Most people were out working in the fields and it was hard to scrounge up six people with motorbikes who could take us back to town and, as it was, we couldn't find the seventh.  Nadine and Ben shared. 
     The helmet my dad found for me was way too big and the visor caked with dust and wouldn't stay up but it was a moot point because I neither crashed nor fell.
     It was some time before the ferry arrived and we all bought semi-cold beverages.  Our guide had to go right back out with another group and he left almost before we knew it.  Luckily the truck was waiting on the other side, and this time Matthias, Nadine, my mom, and I sat inside.  Unfortunately the back seat was not a bench seat so while there was room for me between my mom and Nadine there was a five-inch-wide gap between the seats and I had nowhere to put my feet (which fell asleep something awful a by the time we stopped once more in front of Parrot Tours). 
     Back to the Eco Lodge again, but this time we went to the a cafe serving western food.  Their founding philosophy was based on not being able to stomach another baguette or cup of Cambodian coffee.  And they had salad!  And lasagna!
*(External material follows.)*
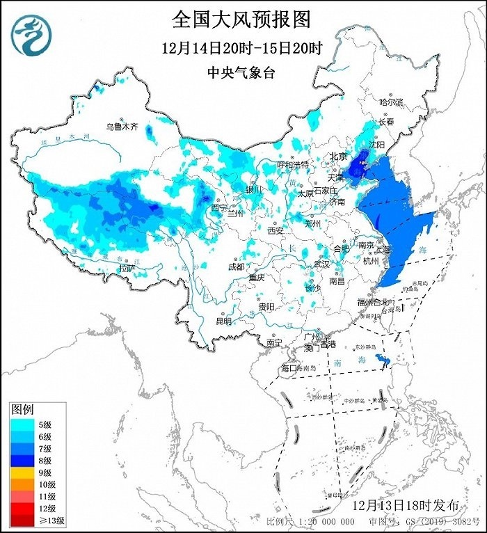 預(yù)計(jì),12月13日20時(shí)至14日20時(shí),新疆東部和南疆盆地、內(nèi)蒙古中西部、寧夏、西藏西部、青海等地部分地區(qū)有5~6級(jí)、陣風(fēng)7~8級(jí)的大風(fēng),其中,新疆山口地區(qū)、青海西部、西藏西北部等地部分地區(qū)有7~9級(jí)、陣風(fēng)10~11級(jí)的大風(fēng);渤海、南海東北部部分海域?qū)⒂?~8級(jí)、陣風(fēng)9級(jí)的大風(fēng)。

And bagels!!!!!!!!!
     Because of a combination of the waiters not really speaking English and nobody except me eating bagels with an equal bagel to cream cheese to vinegar ratio the owner (I'm not sure what country he was from... Maybe England or Sweden but I might be making that us) had to come out and help translate.  He was appropriately apalled at a 5-month hiatus from bagels and spoke his agreement  that a bagel must be properly prepared before one can eat it.
     Since then we had bunch of long busrides and stopped in three or four towns and so of course tons of bloggable stuff happened but right now I have a pressing need to convince my parents that we really need to go get some late-night ice cream right now.  It's been on the agenda (though restaurants have thwarted us) for several days now and as they feel a tad guilty about how little sleep I'm getting it shouldn't be too much of a chore.